Sour beer drinkers sure can rack up a bar tab. I’m one of them. Despite how worthy of my dollars I know those tart, nuanced beers to be, every so often I experience the buyer’s remorse of sipping one too many sours.
Lucky for fellow pucker lovers and me, American craft brewers are brewing more and more kettle-soured beers, speeding up their production time and therefore lowering their cost. If you’re drinking sour beer on a budget, try some of these brews.
Tart n’ Juicy Sour IPA
Epic Brewing Company (Denver, Colorado)
Tart ‘n Juicy is a 4.5 percent ABV, kettle-soured India Pale Ale with bright notes of grapefruit, agave, tangerine, and passion fruit. The beer is loaded with Citra and Amarillo hops. Six-packs of 12-ounce cans of this beer became available at the beginning of April.
Passionfruit Sour Ale
Breakside Brewing (Portland, Oregon)
This wheat beer, Breakside’s summer seasonal, is inspired by the traditional German-style Berliner Weisse. It’s kettle-soured and conditioned in lagering tanks on passion fruit before it goes into 22-ounce bombers, which usually cost less than $10. Also available at that price point is Breakside’s dry-hopped sour ale, La Tormenta.
Mainer Weisse
Night Shift Brewing (Everett, Massachusetts)

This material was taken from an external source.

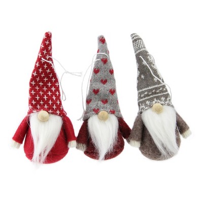 Northlight Santa Gnome Christmas Ornaments - 4.5" - Red and Brown - Set of 3

Mainer Weisse is a deep purple-colored, kettle-soured Berliner Weisse aged with Maine wild blueberries and cinnamon sticks. This seasonal offering from Night Shift Brewing weighs in at only 3.4 percent ABV.
Apricot Provincial
Funkwerks Inc. (Fort Collins, Colorado)
Funkwerks’ spring seasonal is a sessionable Belgian-style sour ale that uses a 24-hour warm souring technique using Lactobacillus in the wort. Apricot Provincial is fermented with a Belgian wheat yeast strain famous for fruity flavors and a dry finish. This tart fruit beer is effervescent with a citrusy apricot aroma, and it’s only 4.2 percent ABV.
Blood Orange Gose
Anderson Valley Brewing Company (Boonville, California)

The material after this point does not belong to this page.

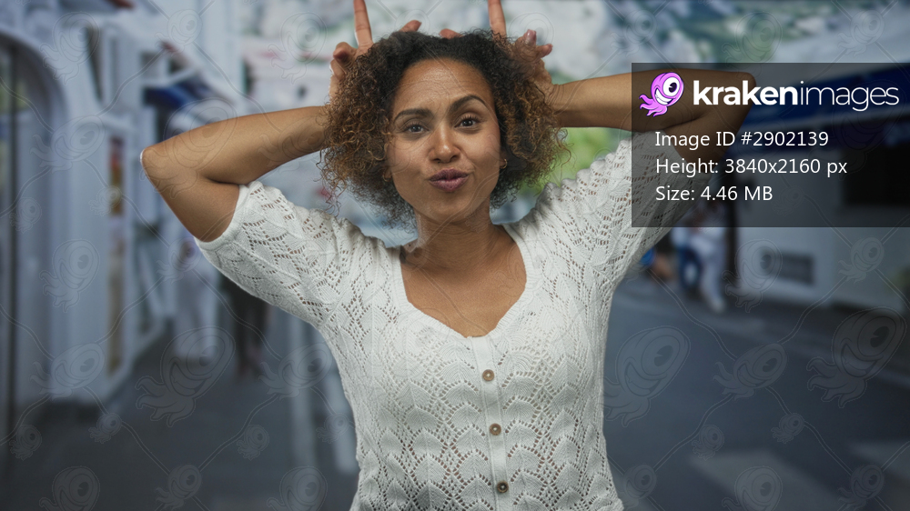 Woman smiling with bare shoulders, arms raised and fingers lifted behind head on a street; playful confidence.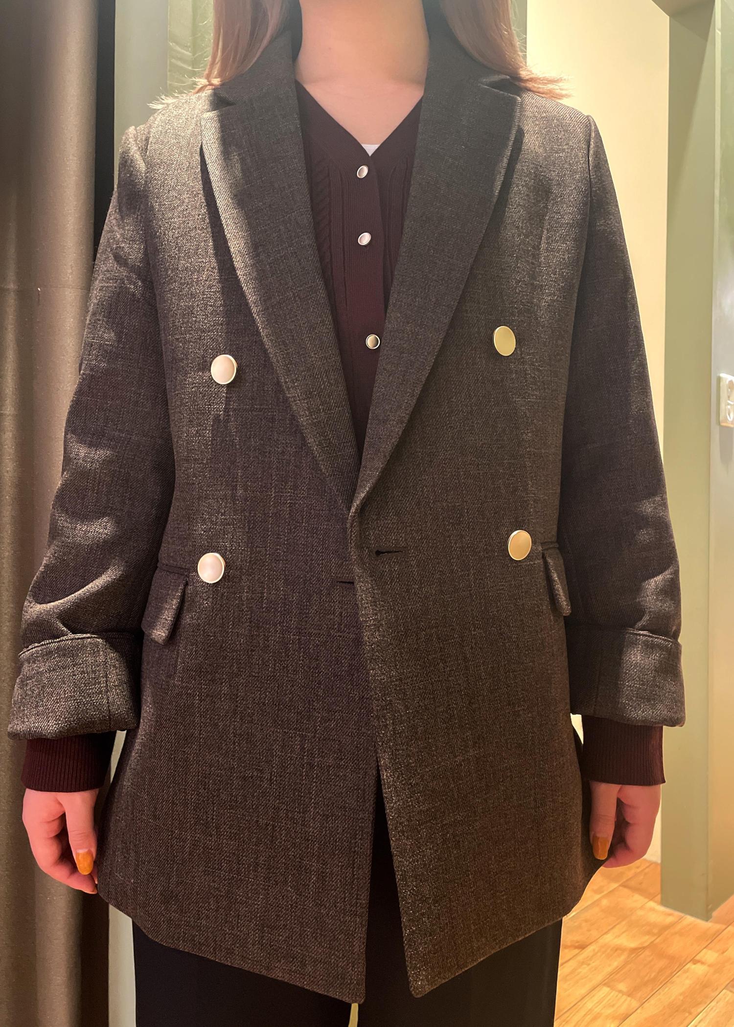 アウターの【スリートーンツイードジャケット】は高級感のある上品な見た目ですが暖かく軽いエアリーな素材を使用しているためストレスフリーな着心地です!

It’s true that Anderson Valley brought Gose back in the United States. They did so with the addition of blood oranges during fermentation of this tart and refreshing sour wheat ale brewed with salt and coriander.
Gose
Westbrook Brewing Company (Mt. Pleasant, South Carolina)

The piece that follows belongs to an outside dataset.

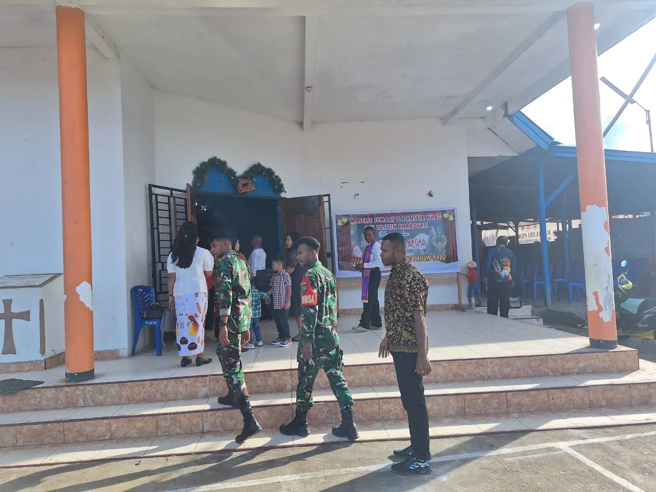 Enarotali – Danramil 1703-01/Enarotali Kapten Inf Eko Warsito bersama para Babinsa menghadiri Ibadah Natal bersama Jemaat GKI Zaitun Enarotali, Bertempat di Gereja GKI Zaitun Enarotali, Jln. Frans Kaesepo, Kampung Dupia, Distrik Paniai Timur, Kabupatan Paniai, Pada Sabtu (13/12/2025).

Another Gose with an approachable price point comes from Westbrook Brewing Company. Westbrook’s Gose is 4 percent ABV and true to style, a sour wheat ale brewed with coriander and salt. This beer is available seasonally in 22-ounce bombers.
Athena Paradiso with Tart Cherry, Raspberry, and Cranberry
Creature Comforts Brewing Co. (Athens, Georgia)
This beer from Creature Comforts Brewing Co. is a bright pink fruited version of the brewery’s popular Athena Paradiso Berliner Weisse. This 4.5 percent ABV brew is available in 4-pack cans.
Suburban Beverage
Perennial Artisan Ales (St. Louis, Missouri)
Here’s another Gose—this one made with Valencia oranges, key lime, and Meyer lemon— that is just as inexpensive to buy as it is easy to pound on the patio.
Troublesome
Off Color Brewing (Chicago, Illinois)
Even more Gose. This one is a blend of two beers: “one is an uninteresting wheat beer, and the second is an overly acidic and funky beer fermented solely with Lactobacillus,” says Off Color’s website. Upon blending, coriander and salt are added. This 4.3 percent ABV brew is available in 12-ounce bottles.
Schell’s Goosetown
August Schell Brewing Company (New Ulm, Minnesota)
Did someone order a Gose? This beer pours golden orange with a thick white foam head. It’s light and citrusy tartness is backed by a bready, wheat malt character and a touch or coriander spice. It’s available in 12-ounce bottles, and it pairs well with summertime.
Peach Dodo
Rhinegeist Brewing (Cincinnati, Ohio)
This German gose is sour and salty with a peachy punch from peaches added during fermentation. It’s a great thirst quencher for your next beach picnic. Find it on draft or in 12-ounce cans.